Rather, S.B. 528 sought to rebalance a system that has become alarmingly one-sided and prone to abuse. Financial incentives built into civil forfeiture encourage law enforcement agencies to seize property, often on dubious grounds, since typically they get to keep some portion of the proceeds of their forfeitures. Meanwhile, tortuous legal processes make it exceedingly difficult and prohibitively expensive to challenge seizures when they do occur. To prevail in court, property owners typically must prove their own innocence. And if they are too poor to afford a lawyer, they must do so on their own.

The end result: a system where it is too easy to seize property from innocent people, such as Randy and Karen Sowers, the Maryland dairy farmers who were forced to fork over half of their farm's earnings to the government because of an alleged "structuring" violation. Because their business involved direct-to-consumer sales, they dealt in large amounts of cash, which a bank teller had advised them to deposit in increments of less than $10,000 to avoid government scrutiny. But that act in itself caught the attention of the IRS, which accused them of trying to skirt currency transaction reporting laws. Despite the fact that the couple was never accused of earning the money illegally, they were forced to pay the government nearly $30,000 as part of a settlement agreement.
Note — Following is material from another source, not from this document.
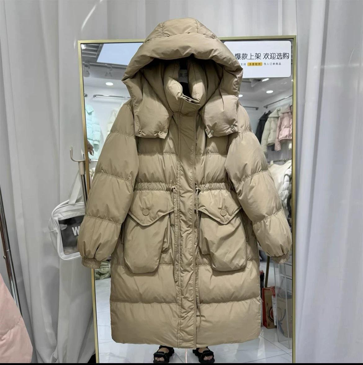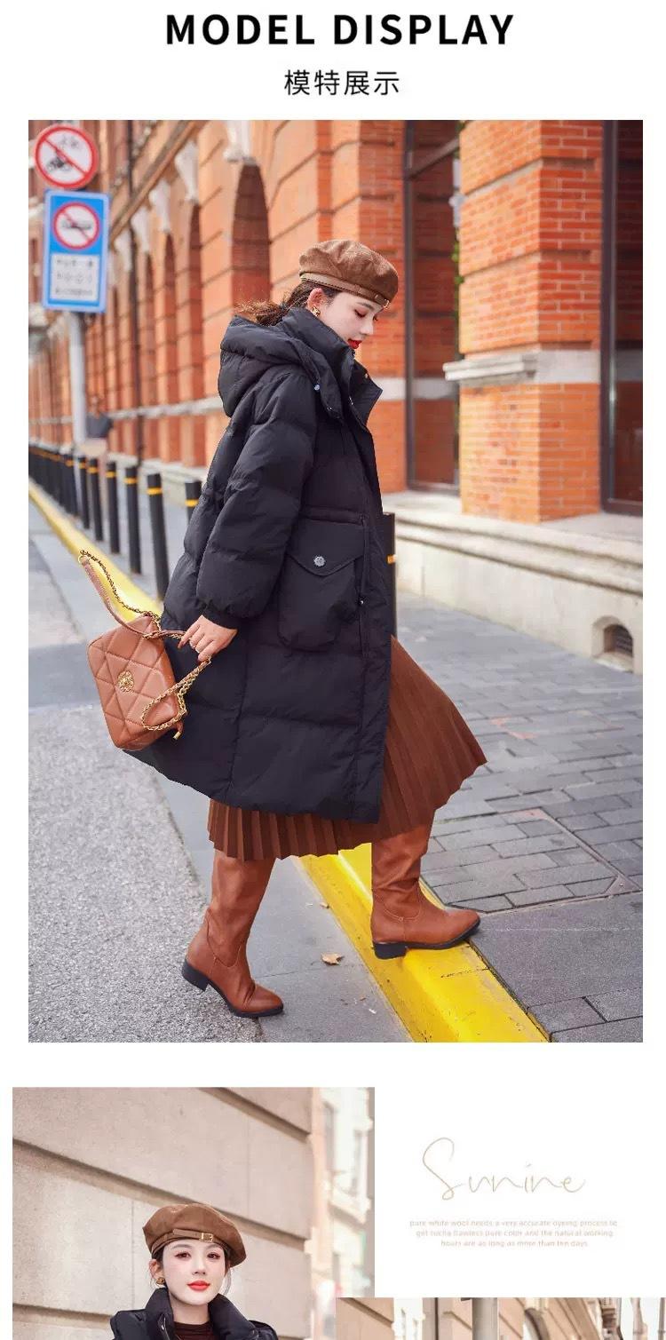 Compra Chaqueta de plumón para mujer, invierno 2024, nueva chaqueta de plumón de pato blanco estilo coreano de alta gama, de longitud media, ajustada, con capucha y cálida. al por mayor en Joom.pro

S.B. 528 would have dealt with some of these iniquities. It shifted the burden of proof to the state, so that property could not be forfeited unless the state demonstrated that a crime had taken place with the owner's knowledge. It also would have restricted cash forfeitures to amounts greater than $300, unless the money is "directly connected to the unlawful distribution of a controlled dangerous substance." Finally, and crucially, the bill would have closed the equitable sharing loophole, which promises the state and local governments a cut of the proceeds of any property transferred to the federal government for forfeiture under federal law.

Equitable sharing rewards state and local agencies that circumvent their own, more restrictive, forfeiture laws, and Maryland is the perfect example of why that loophole should be closed. Last year, Maryland law enforcement agencies received $6.5 million in equitable sharing payments, despite the fact that under Maryland law, these agencies are prohibited from directly profiting from forfeitures.
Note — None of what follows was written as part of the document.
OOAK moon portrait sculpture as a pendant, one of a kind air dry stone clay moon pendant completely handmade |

S.B. 528 was not perfect. It did not, for example, raise the burden of proof beyond a mere "preponderance of the evidence" in forfeiture cases. But it would have gone a long way toward preventing what happened to the Sowers family from happening to other innocent Marylanders.

Yet the bill was vetoed, ostensibly because forfeiture reform would have proven too serious a hindrance to the enforcement of the state's laws. This argument suggests that uncovering evidence of criminal conduct and tying it to property is so difficult, the government can win forfeiture cases only when the evidentiary burdens are low and the deck is stacked in its favor.

Greater due process protections would certainly make forfeiture a more intensive process for the government. But if forfeiture is truly an important and effective crime-fighting tool, the higher cost of pursuing forfeiture will outweigh the benefit only in cases based on little or no evidence. As a consequence, the number of successful forfeitures may fall post-reform, but this does not automatically mean that criminals are getting off scot-free; to assume that would be to assume that every seizure is legitimate and every property owner a criminal, facts we know to be empirically false.

And if stopping criminals is the goal, why are criminal charges filed in so few civil forfeiture cases?

Policymakers should not be distracted by straw man arguments. Forfeiture reform is not about helping criminals or hindering the legitimate activities of the law enforcement community. It is about protecting the innocent, stopping abuses and realigning the incentives of law enforcement agencies.

Hopefully, next year, Maryland will get another chance to join Washington, D.C., Minnesota, Montana and New Mexico in reforming forfeiture laws to protect innocent property owners.

- Jason Snead is a researcher in The Heritage Foundation's Edwin Meese III Center for Legal and Judicial Studies.